If you have made a pledge to donate to the Rescue Raffle and have not sent your donation yet, please e-mail me privately to let me know if you still intend to ship it or to bring it with you to the Specialty. 
We are trying to get the list of donors complete so the names can be put in the Specialty catalog as contributing to our Raffle. 
We need it soon, like yesterday, so please let me know as soon as you see this. Thanks, Edie


----------



## michellerobison (Dec 17, 2009)

'let me know how I can donate.Want to donate a harness dress but it needs to be made according to measurements to fit right. MAybe you can make a sertificate and put a description on it or I can email a picture?


----------



## plenty pets 20 (Jul 8, 2006)

Thanks Michelle, I responded privately. Have added your name. 
Edie


----------



## beckinwolf (Sep 2, 2008)

Is it too late, Edie? I just came across an awesome gift that would be perfect for the raffle. I sent you a PM.


----------



## plenty pets 20 (Jul 8, 2006)

Becky, I e-mailed you privately also. Thanks so much for your help too. Edie


----------



## kikiiniowa (Sep 9, 2008)

I sent a collapsable crate and I'm hoping it arrived safely???? Can you let me know? 

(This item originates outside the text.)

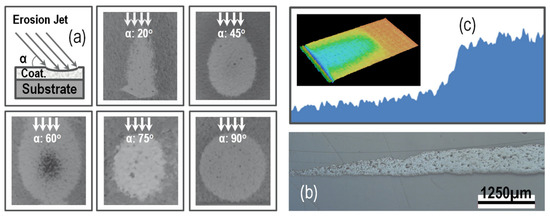 Particles of micron size that impact on the surfaces of components or coatings can result in microscale deterioration, such as erosion, fracture, cracking, deformation and/or hardening. This erosive wear behavior in a material typically falls into three categories: Mode I for ductile materials such as metals and alloys; Mode II for brittle materials such as ceramics; Mode III, which is observed in certain polymers. These modes generally show that higher rates of erosion occur at lower impinging angles (Mode I) or higher impinging angles (Mode II), respectively. Ultimately, these impacts can lead to the localized removal of coating materials and subsequent functional failure [12]. Mode-III erosion is particularly pertinent for composite materials. Researchers have studied the erosive wear resistance of yttria-stabilized zirconia (YSZ) and lanthanum zirconate (LZO) coatings, which are prospective Low-K thermal barrier coatings (TBCs). Ramachandran et al. evaluated the erosion responses of these TBCs in relation to porosity, the velocity of the erodent, and the impact angle [13]. Furthermore, Mahade et al. studied the erosion performance of gadolinium zirconate (GZO) and its composite TBCs produced by suspension plasma spray (SPS) [14,15,16] and found that the material composition and microstructural design had a major impact on their erosion behaviors. In most of the cases, the increase in YSZ phase content and coating density for those TBCs showed better erosion resistance.

kiki (Kathy Allsup) in Iowa.


----------



## michellerobison (Dec 17, 2009)

I hope my card/certificate gets there in time. We have such sporadic postal service now w/ so many cut backs!
If it doesn't get there in time,let me know ,I can email piccies for you to print and info for the raffle. Just put my name and info and I will honour it.


----------



## plenty pets 20 (Jul 8, 2006)

Michelle, Did you mail it to me or Denise?? I will let you know when it arrives
Thanks, Edie


----------



## michellerobison (Dec 17, 2009)

plenty pets 20 said:


> Michelle, Did you mail it to me or Denise?? I will let you know when it arrives
> Thanks, Edie


 I mailed it to you in a manilla envelope.


----------



## kikiiniowa (Sep 9, 2008)

What about mine?????


----------